Bansal and colleagues noted that besides being small, their study lacked a control group and did not measure readmission rates.

“Nevertheless, we believe that our findings and those of other trials with similar designs indicate that it is time to conduct a randomized controlled trial to examine whether high-dose aldosterone antagonists have a role in managing patients with acute decompensated heart failure who are resistant to loop diuretics,” they said.

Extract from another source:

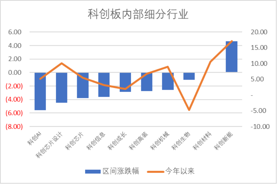 如上图所示,本周科创板内部呈现分化,新能源是少数正收益板块,其次芯片设计与AI板块。

“These results highlight the need for a larger outcomes study of high dose mineralocorticoid receptor antagonist use in acute heart failure patients who are diuretic resistant,” Butler agreed.

Bansal’s study was based on people recently hospitalized for heart failure with reduced or preserved ejection fraction.

Heart failure patients who took 100 mg spironolactone on the first day and still lost less than 0.5 kg (but did not have large increases in serum creatinine) were able to switch to 200 mg spironolactone daily.

Weight loss and reduced dyspnea were not accompanied by worsening hyperkalemia or renal function, though one patient died “under complex circumstances without a satisfactory explanation,” Bansal and colleagues noted.

That patient had lost nearly 8 lbs by day 4, when she developed abdominal discomfort and had a blood pressure of 91/45 mm Hg and a potassium level of 5.2 mmol/L. Despite getting IV fluids to support her blood pressure, she died after cardiac arrest.

No patient had potassium exceed 5.5 mmol/L, although three people received a total of five doses of potassium-lowering patiromer (Veltassa).

Bansal reported grants from Relypsa during the conduct of the study.